Joy and Surprises from Abroad
Assimilation and Transracial International AdoptionBy Adam Pertman, Author of Adoption Nation
This article examines the relationship between assimilation and international transracial adoption. Assimililation works both ways for international adoptive families.
It's no accident that Americans adopt more children internationally than do the inhabitants of the rest of the planet combined. After all, nearly every one of us came to this extraordinary country from somewhere else. We don't always find it easy to accept new waves of immigrants, but we invariably succeed in weaving their facial structures, their skin tones, and their heritage into our cultural tapestry.

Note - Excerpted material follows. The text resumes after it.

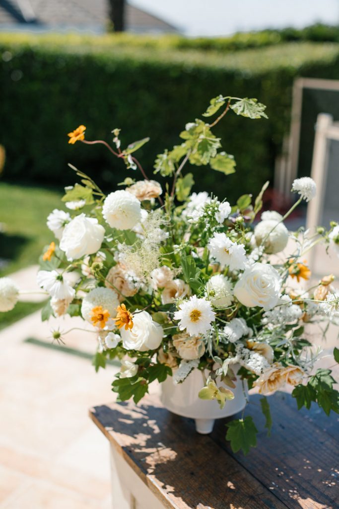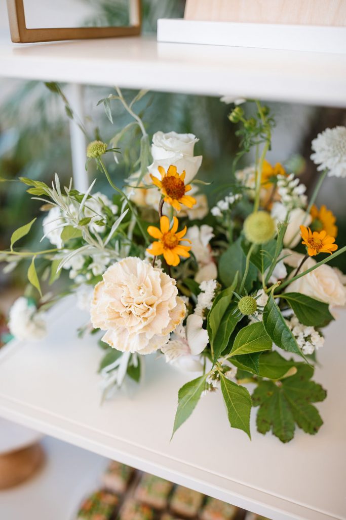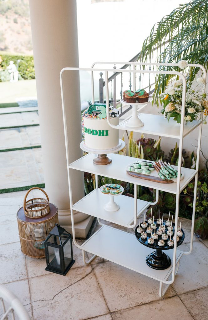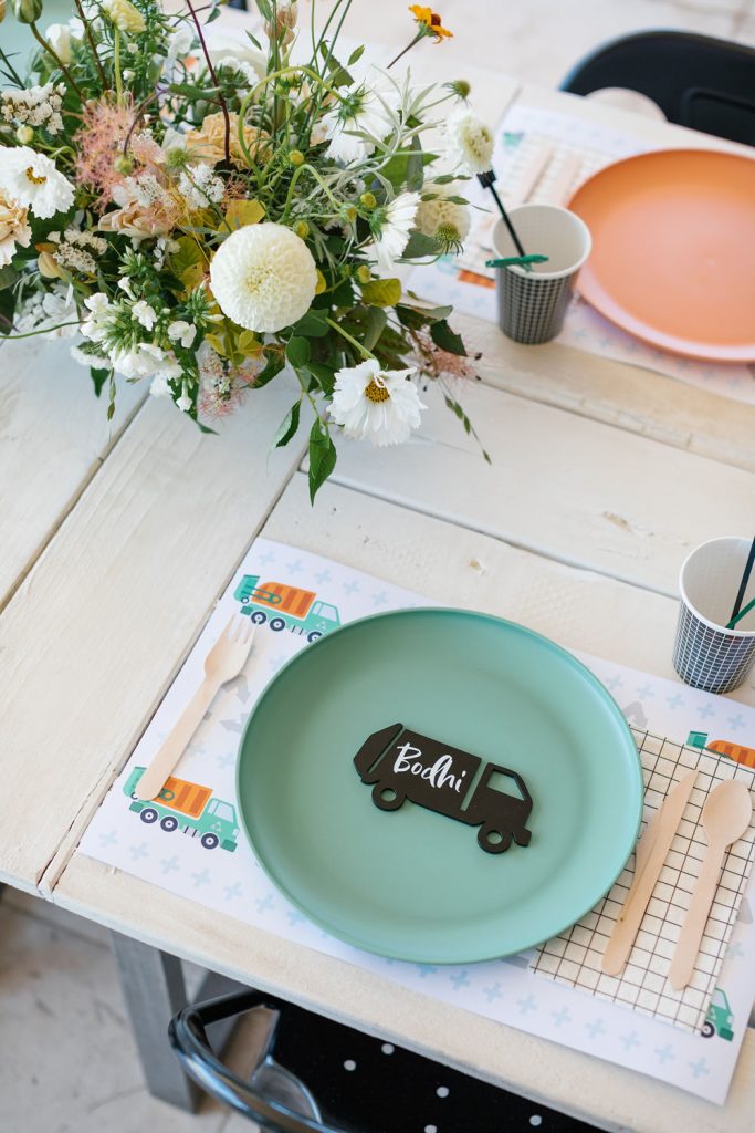 Check out these cute tables we set for Bodhi and his preschool buddies! Of course, we used Sweet Salvage Rentals for all things from tables to chairs to the lounge! Earth and Grace did their magic with the florals doing the perfect amount of white, greens, and a pop of color! Even though it’s a boy party I still love to keep florals on the table, they add so much and can still have a masculine touch.
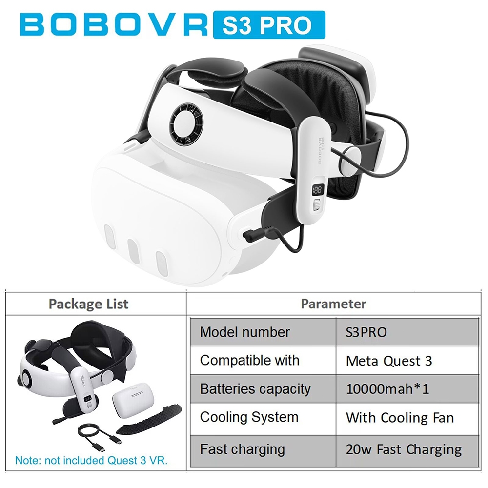 BOBOVR Head Strap Suitable for Meta Quest 3 M3 Max S3 Pro Super Strap with 10000mAh Battery M3 Series Head Strap VR Accessories

Throughout its history, this nation has opened its doors to people who, for more reasons than anyone can count, have needed new homes. It has taken us in, given us new lives. Adopted us.
What it has not done is force us to severe our emotional, spiritual, or physical ties to our forebears or our ancestral lands. Rather, one of the genuinely noble, enriching aspects of the American sensibility - notwithstanding the intolerance of some narrow-minded people and political movements - is its celebration of people's connections to their past. We marvel at the beauty of an African-print dress, revel in the music at a Latino festival or an Irish step dance, savor the delights of Asian restaurant, incorporate the expressive words of other languages into our own.
In many essential ways, adoption is a metaphor for the society in which it is coming of age, and in which it plays an increasingly active and visible role. More and more of the parallels are revealing themselves as the domestic branch of the institution emerges from the shadows, but they have been evident for half a century to anyone who has paid attention to or participated in the adoption of children from overseas.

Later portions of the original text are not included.